Begin at the line below that holds "金黄稻穗,深绿禾田,在蓝天白" and end at the line that holds "2010年11月19日,由应", transcribing each line exactly and skipping any picture.

__DATA__

::::::::::

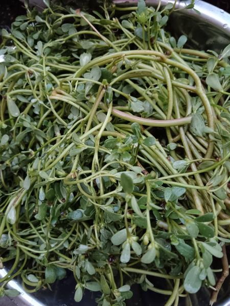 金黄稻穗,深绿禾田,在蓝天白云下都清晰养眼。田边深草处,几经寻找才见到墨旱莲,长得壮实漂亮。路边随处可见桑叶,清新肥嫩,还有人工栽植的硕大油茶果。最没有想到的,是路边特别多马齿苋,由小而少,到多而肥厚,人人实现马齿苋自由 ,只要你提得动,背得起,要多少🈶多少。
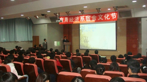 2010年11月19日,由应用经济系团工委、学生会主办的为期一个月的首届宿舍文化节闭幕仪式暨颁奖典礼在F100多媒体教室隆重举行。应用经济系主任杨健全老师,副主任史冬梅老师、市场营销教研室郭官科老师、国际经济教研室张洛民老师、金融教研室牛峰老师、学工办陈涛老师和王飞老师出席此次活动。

::::::::::

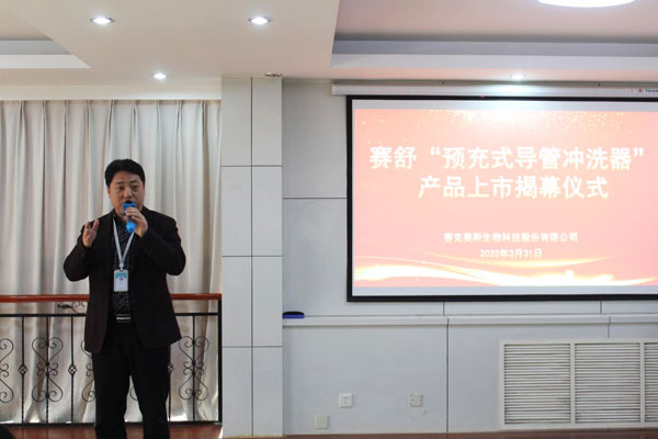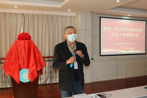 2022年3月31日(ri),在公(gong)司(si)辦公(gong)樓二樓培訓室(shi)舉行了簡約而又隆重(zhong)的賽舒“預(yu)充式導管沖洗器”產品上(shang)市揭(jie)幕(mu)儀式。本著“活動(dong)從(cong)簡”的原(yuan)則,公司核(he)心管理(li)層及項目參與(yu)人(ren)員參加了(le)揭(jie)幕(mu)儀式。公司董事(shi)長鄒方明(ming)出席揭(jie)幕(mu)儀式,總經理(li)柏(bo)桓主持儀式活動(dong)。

::::::::::

__SOLUTION__
 金黄稻穗,深绿禾田,在蓝天白云下都清晰养眼。田边深草处,几经寻找才见到墨旱莲,长得壮实漂亮。路边随处可见桑叶,清新肥嫩,还有人工栽植的硕大油茶果。最没有想到的,是路边特别多马齿苋,由小而少,到多而肥厚,人人实现马齿苋自由 ,只要你提得动,背得起,要多少🈶多少。
 2010年11月19日,由应用经济系团工委、学生会主办的为期一个月的首届宿舍文化节闭幕仪式暨颁奖典礼在F100多媒体教室隆重举行。应用经济系主任杨健全老师,副主任史冬梅老师、市场营销教研室郭官科老师、国际经济教研室张洛民老师、金融教研室牛峰老师、学工办陈涛老师和王飞老师出席此次活动。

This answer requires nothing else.